— Брось, — сказал он, — я-то на что?
Он вдруг вспомнил зимние бураны и замерший колодец, из которого приносил воду. Сруб стоял на возвышении, обледенелый, как ледяная горка. Однажды он поскользнулся вниз — спасла веревка.
— Закопали бы... — засмеялся Полковник и погрозил ему пальцем. Быть может, он вспомнил их прошлое братство, то, что, несмотря ни на что, объединяло, а не разъединяло их. — Я хорошего не забываю, — заметил он.
На Севере отравиться грибами так же сложно, как на Юге объесться черникой. Единственное, что его спасло: на восьмидесятой минуте реанимационных мероприятий, когда они его уже теряли, он пришел в себя и произнес: "Грибы..."
Они заняли два места у окна, за которым по раскаленному Хрищатику улице изредка пробегали прохожие.

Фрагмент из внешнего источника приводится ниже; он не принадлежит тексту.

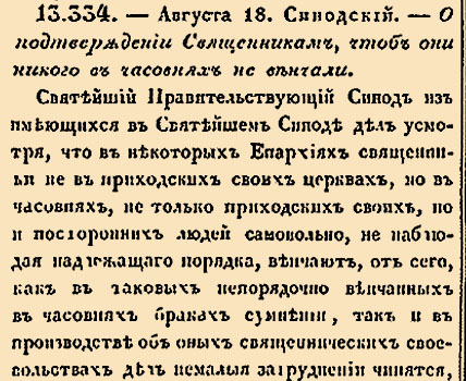 13.334. — Синодский. 18 августа 1769 года.О подтверждении Священникам, чтоб они никого в часовнях не венчали.Святейший Правительствующий Синод из имеющихся в Святейшем Синоде дел усмотря, что в некоторых Епархиях священники не в приходских своих церквах, но в часовнях, не только приходских своих, но и посторонних людей самовольно, не наблюдая надлежащего порядка, венчают, от сего как в таковых непорядочно венчанных в часовнях браках сумнении, так и в производстве об оных священнических своевольствах дел немалые затруднения чинятся

— Мой Сережка... ровесник твоего Димки... — сказал Полковник, и на мгновение его лицо перестало быть сильным и мужественным. — Вот за них и выпьем... Жить бы им не так, как нам...
Он сходил к стойке, принес стаканы и закуску. Теплый спирт из фляжки пился, как касторка.
— Прости, я не знал... — сказал Иванов.
Полковник уже оправился, и с него по-прежнему можно было печатать профили на монетах.
— Я и сам не знал. Был на учениях. Аневризма. Лег спать, понимаешь, захрипел и умер, вслед за Ксенофонтовной, аккурат через три недели. Такие дела... А старший служит... — Он доверительно наклонился: — Ты понимаешь, в его смерти есть что-то мистическое...
Люди снаружи были порождением города. Когда-то они были счастливы, построив город, теперь они жили, чтобы прятаться от него в своих квартирах и домах. Наверное, они думали, что так легче выжить. Но иногда они считали, что одиночество не лучший выход, и начинали бродить по улицам.
— Тебе бы с Саскией пообщаться, — заметил Иванов.
— Кто это? — удивился Полковник.
— Моя вторая жена... — Ему нечего было добавить.
— А... — понимающе крякнул Полковник, — бывает... А я не женился... Не поверишь, была у меня любовь, но пила и меня приучала. Дошло до того, прихожу домой, а там сидят какие-то люди. Спрашивают: "Ты кто?" — "Я? Я хозяин квартиры... А вы кто?" — "Мы друзья. Наливай!.." Или рассует по квартире бутылочки, бродит, вроде убирает, а потом вдруг — запах. Откуда? Уже и ловил, и кодировалась — бесполезно. В ногах валялась — без толку. Или сядет на перила балкона и угрожает, что бросится вниз, если не налью.
— Наливал? — спросил Иванов.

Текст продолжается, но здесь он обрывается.